- **What you need to do**: Pictures in the data should be dropped; transcribe exactly the lines from the one that has "Be the first" through the one that has "سفينة البحرية السلطانية".

- **Records shown**:
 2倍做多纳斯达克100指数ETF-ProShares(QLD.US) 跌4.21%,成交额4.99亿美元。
==
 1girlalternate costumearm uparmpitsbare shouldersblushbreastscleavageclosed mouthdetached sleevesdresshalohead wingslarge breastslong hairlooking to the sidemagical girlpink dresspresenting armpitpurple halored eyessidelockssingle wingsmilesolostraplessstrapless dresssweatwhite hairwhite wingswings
* * *
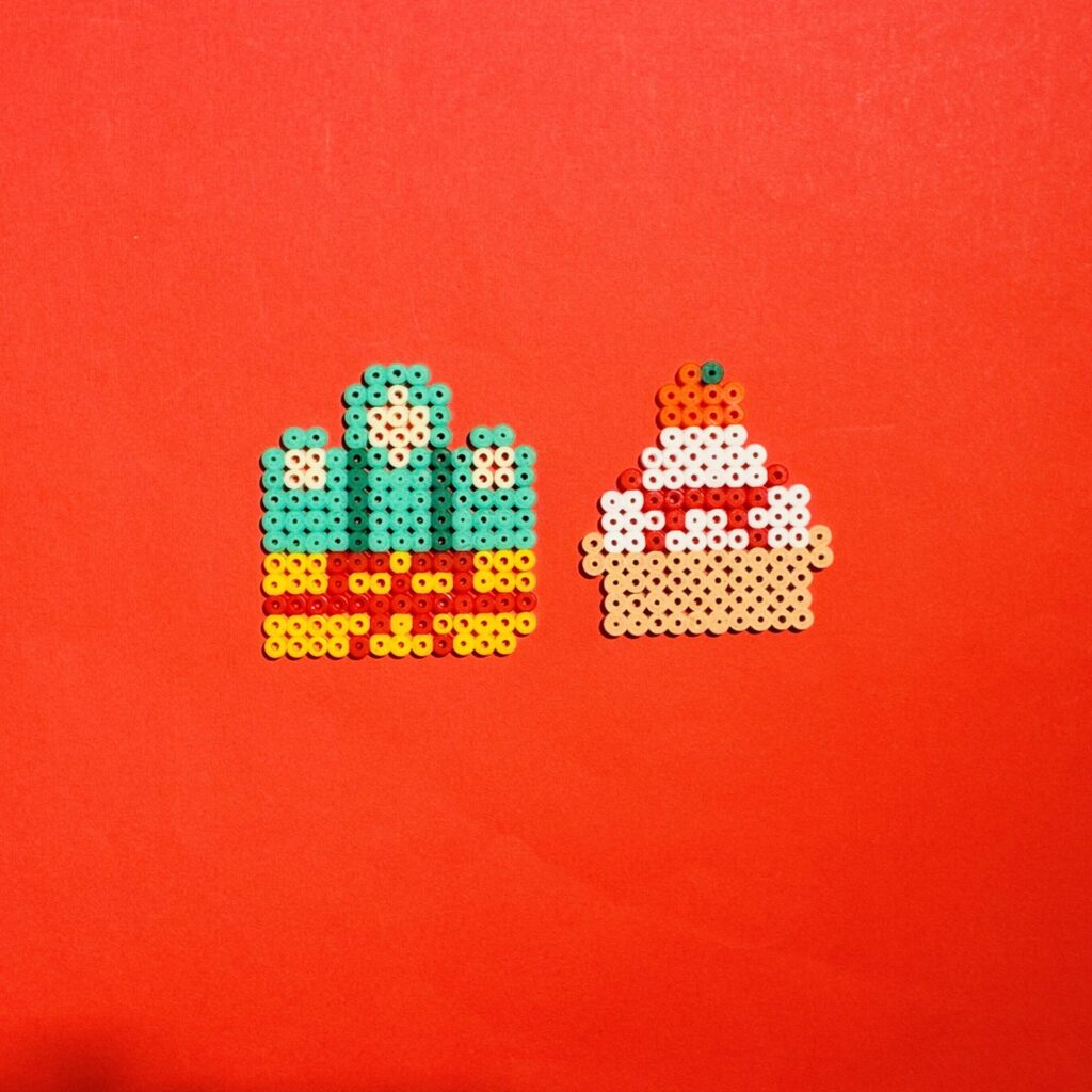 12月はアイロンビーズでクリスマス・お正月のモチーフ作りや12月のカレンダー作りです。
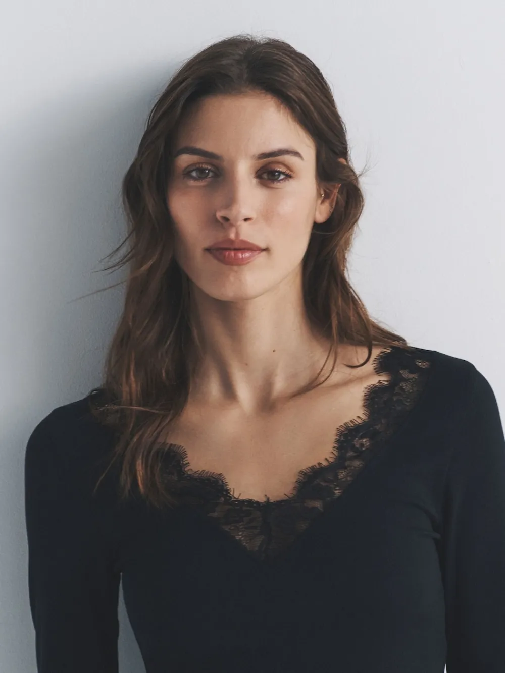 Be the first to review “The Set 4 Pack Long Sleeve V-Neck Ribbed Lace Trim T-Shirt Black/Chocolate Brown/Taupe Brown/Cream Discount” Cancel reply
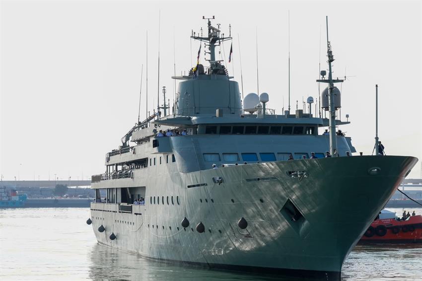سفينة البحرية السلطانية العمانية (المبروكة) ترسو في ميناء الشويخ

- **Answer section**:
 Be the first to review “The Set 4 Pack Long Sleeve V-Neck Ribbed Lace Trim T-Shirt Black/Chocolate Brown/Taupe Brown/Cream Discount” Cancel reply
سفينة البحرية السلطانية العمانية (المبروكة) ترسو في ميناء الشويخ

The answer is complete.